Predicting Social Outcomes for Children and Adolescents with Autism Spectrum Disorder: Is Anxiety Helpful?

Saturday, May 19, 2012
Sheraton Hall (Sheraton Centre Toronto)
11:00 AM
K. Johnston and G. Iarocci, Psychology, Simon Fraser University, Burnaby, BC, Canada
Background: In typically developing children and adolescents, there is a negative relationship between anxiety and friendship; that is, the less anxiety one has the more friendships they also tend to have (Bukowski, Hoza & Boivin, 1994; Hodges, Boivin, Vitaro & Bukowski, 1999; Ladd, 1990).  However, recent research by Mazurek and Kanne (2010) has shown that this does not seem to be the case for youth with ASD.  These researchers found higher levels of anxiety to be associated with more dyadic friendships even when controlling for IQ and level of autism severity.  This finding is surprising because anxiety is generally found to be associated with negative social outcomes such as avoidance or social awkwardness, which are in turn expected to be associated with more negative friendship outcomes, not positive outcomes as these findings suggest. 

Objectives: This study builds upon Mazuek and Kanne’s (2010) findings by 1.) attempting to replicate these findings in a sample of high functioning youth with ASD with a comparable mean age and IQ 2.) investigating whether the relationship between anxiety and friendship is mediated by social awareness, social motivation and insight into social relationships.  We hypothesize that once these mediating variables are taken into account, the relationship between anxiety and friendship will no longer be significant.

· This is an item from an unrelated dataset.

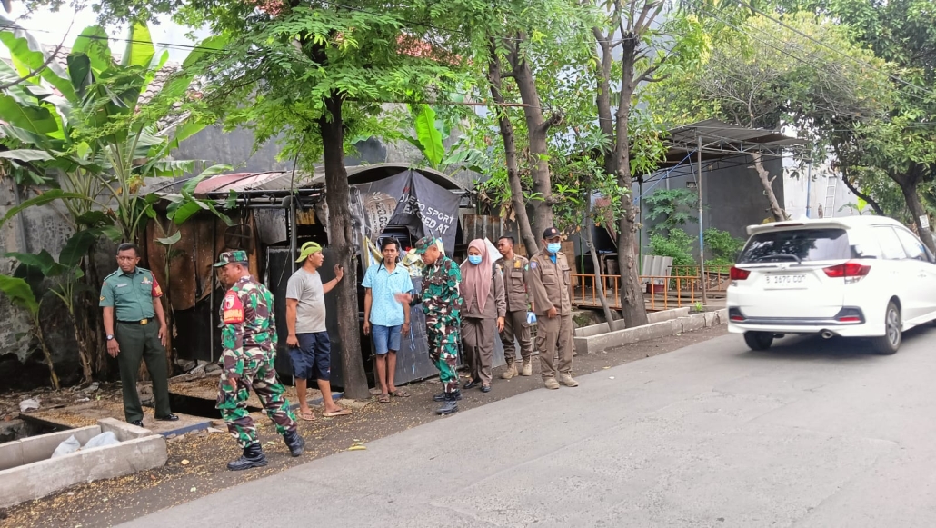 Sidoarjo, Dalam rangka menjaga fungsi lahan sebagai bagian dari ketahanan pangan, Anggota Koramil 0816/16 Waru di bawah pimpinan Peltu Puji Suyanto bersama Forkopimka Waru melaksanakan kegiatan pemberian peringatan kepada pemilik bangunan liar (Bangli) di Dusun Ambeng-Ambeng, Desa Ngingas, Kecamatan Waru. Langkah ini dilakukan untuk memastikan pemanfaatan lahan sesuai peruntukan demi keberlanjutan lingkungan dan kesejahteraan masyarakat.

Methods:  Participants are children and adolescents with high functioning autism (i.e., IQ >85 as measured by the Stanford Binet Intelligence Scale, Abbreviated Battery; Roid, 2003) between the ages of 7 and 17 and one of the youth’s parents.  Data collection for this project is in progress, however, data from approximately 35 participants has already been collected and we anticipate having 50 participants in total.  Several measures will be employed to measure friendship outcomes, anxiety, and each of the specified mediator variables including: The Social Responsiveness Scale (Constantino, 2005), parent- and self-report versions of the Behaviour Assessment System for Children, Second Edition (Reynolds & Kamphaus, 2004), and a Brief Friendship Questionnaire developed for this project.

Results: Results from the proposed research may reveal that, in the case of high functioning individuals with autism, anxiety is signaling something beneficial; that is to say, anxiety is indicating the presence of higher levels of the mediator variables, which are generally associated with positive social outcomes.   

Conclusions: It will be important to acknowledge that these youth with ASD are experiencing positive friendship outcomes in spite of the anxiety they are experiencing, and that this anxiety is likely to have a negative impact on other areas of their life.  Noting the exceptionally high levels of anxiety in youth with high functioning ASD raises an important implication for educational initiatives aimed at developing social skills (such as social awareness and insight) in this population for both schools and home-based programs: It is not sufficient to teach social skills and increase levels of social awareness, motivation and insight into social relationships without also teaching youth how to manage the anxiety that can develop as they become more knowledgeable about their social deficits.